You will get to integrate all these with React as we continue with the tutorial, but now that you have briefly learned more about the Clarifai API, you can deep dive more about it here.
What we are building in this article is similar to the face detection box on a pop-up camera in a mobile phone.

You can see a rectangular box detecting a human face. This is the kind of simple app we will be building with React.

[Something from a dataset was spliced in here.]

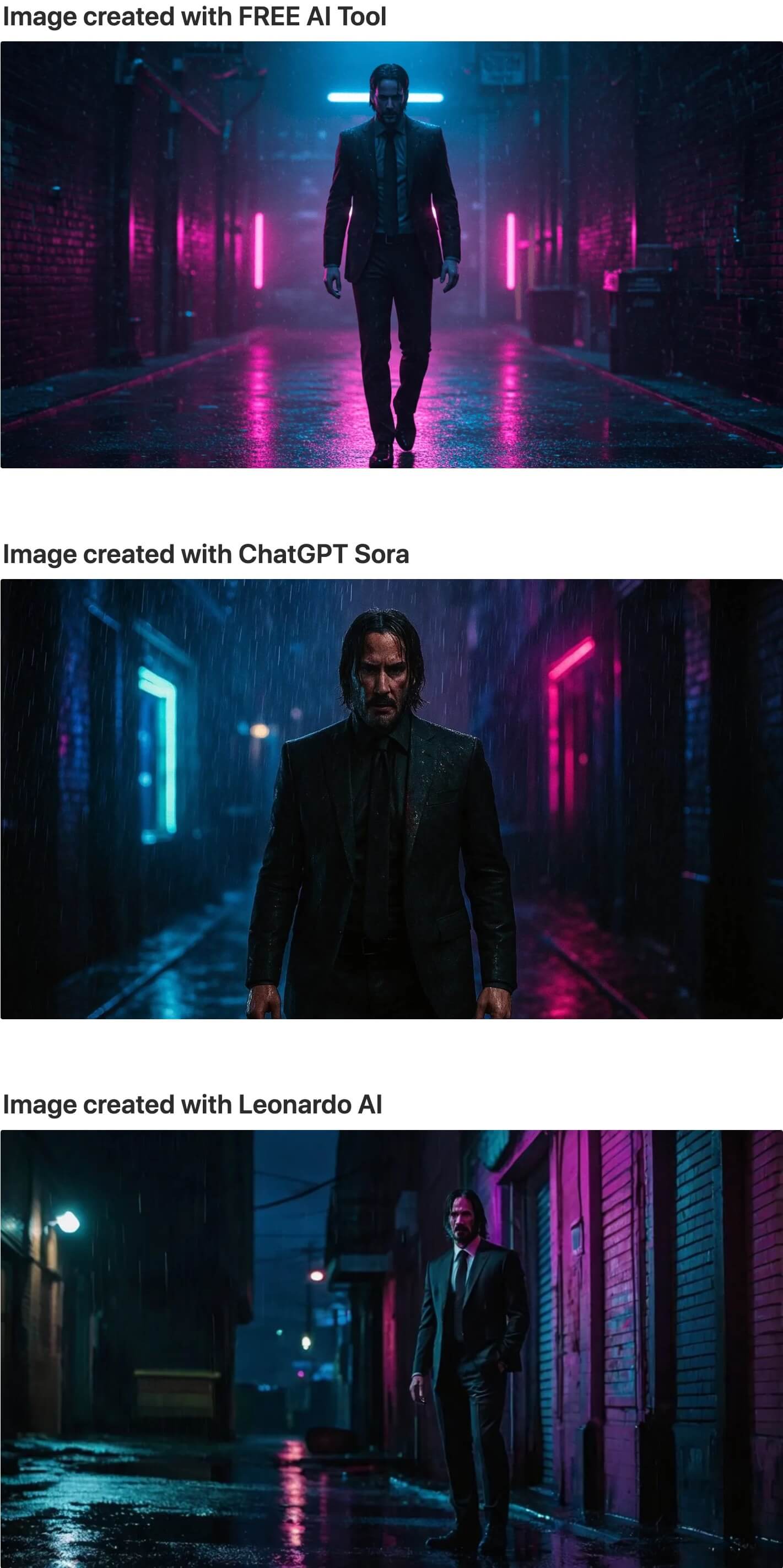 "Cinematic movie still image in the style of John Wick. Man in a sleek black suit, rain-soaked, standing in a alleyway, hands casually by the side. Deep shadows contrast with electric blue and magenta neon reflections on wet asphalt. Moody atmospheric lighting with heavy contrast, film noir aesthetic, hyperrealistic detail, gritty urban environment, cinematic depth of field."

Setting Development Environment

The first step is to create a new directory for your project and start a new react project, you can give it any name of your choice. I will be using the npm package manager for this project, but you can use yarn depending on your choice.
Note: Node.js is required for this tutorial. If you don’t have it, go to the Node.js official website to download and install before continuing.
Open your terminal and create a new React project.
We are using create-react-app which is a comfortable environment for learning React and is the best way to start building a new single-pageapplication to React. It is a global package that we would install from npm. it creates a starter project that contains webpack, babel and a lot of nice features.
/* install react app globally */
npm install -g create-react-app

/* create the app in your new directory */
create-react-app face-detect

/* move into your new react directory */
cd face-detect

/* start development sever */
npm start
Let me first explain the code above. We are using npm install -g create-react-app to install the create-react-app package globally so you can use it in any of your projects. create-react-app face-detect will create the project environment for you since it’s available globally. After that, cd face-detect will move you into our project directory. npm start will start our development server. Now we are ready to start building our app.
You can open the project folder with any editor of your choice. I use visual studio code. It’s a free IDE with tons of plugins to make your life easier, and it is available for all major platforms. You can download it from the official website.
At this point, you should have the following folder structure.
FACE-DETECT TEMPLATE
├── node_modules
├── public 
├── src
├── .gitignore
├── package-lock.json
├── package.json
├── README.md
Note: React provide us with a single page React app template, let us get rid of what we won’t be needing. First, delete the logo.svg file in src folder and replace the code you have in src/app.js to look like this.
import React, { Component } from "react";
import "./App.css";
class App extends Component {
  render() {
    return (
      
      
    );
  }
}
export default App;
What we did was to clear the component by removing the logo and other unnecessary code that we will not be making use of. Now replace your src/App.css with the minimal CSS below:
.App {
  text-align: center;
}
.center {
  display: flex;
  justify-content: center;
}
We’ll be using Tachyons for this project, It is a tool that allows you to create fast-loading, highly readable, and 100% responsive interfaces with as little CSS as possible.
You can install tachyons to this project through npm:
# install tachyons into your project
npm install tachyons
After the installation has completely let us add the Tachyons into our project below at src/index.js file.
import React from "react";
import ReactDOM from "react-dom";
import "./index.css";
import App from "./App";
import * as serviceWorker from "./serviceWorker";
// add tachyons below into your project, note that its only the line of code you adding here
import "tachyons";

ReactDOM.render(<App />, document.getElementById("root"));
// If you want your app to work offline and load faster, you can change
// unregister() to register() below. Note this comes with some pitfalls.
// Learn more about service workers: https://bit.ly/CRA-PWA
serviceWorker.register();
The code above isn’t different from what you had before, all we did was to add the import statement for tachyons.
So let us give our interface some styling at src/index.css file.

body {
  margin: 0;
  font-family: "Courier New", Courier, monospace;
  -webkit-font-smoothing: antialiased;
  -Moz-osx-font-smoothing: grayscale;
  background: #485563; /* fallback for old browsers */
  background: linear-gradient(
    to right,
    #29323c,
    #485563
  ); /* W3C, IE 10+/ Edge, Firefox 16+, Chrome 26+, Opera 12+, Safari 7+ */
}
button {
  cursor: pointer;
}
code {
  font-family: source-code-pro, Menlo, Monaco, Consolas, "Courier New",
    monospace;
}
In the code block above, I added a background color and a cursor pointer to our page, at this point we have our interface setup, let get to start creating our components in the next session.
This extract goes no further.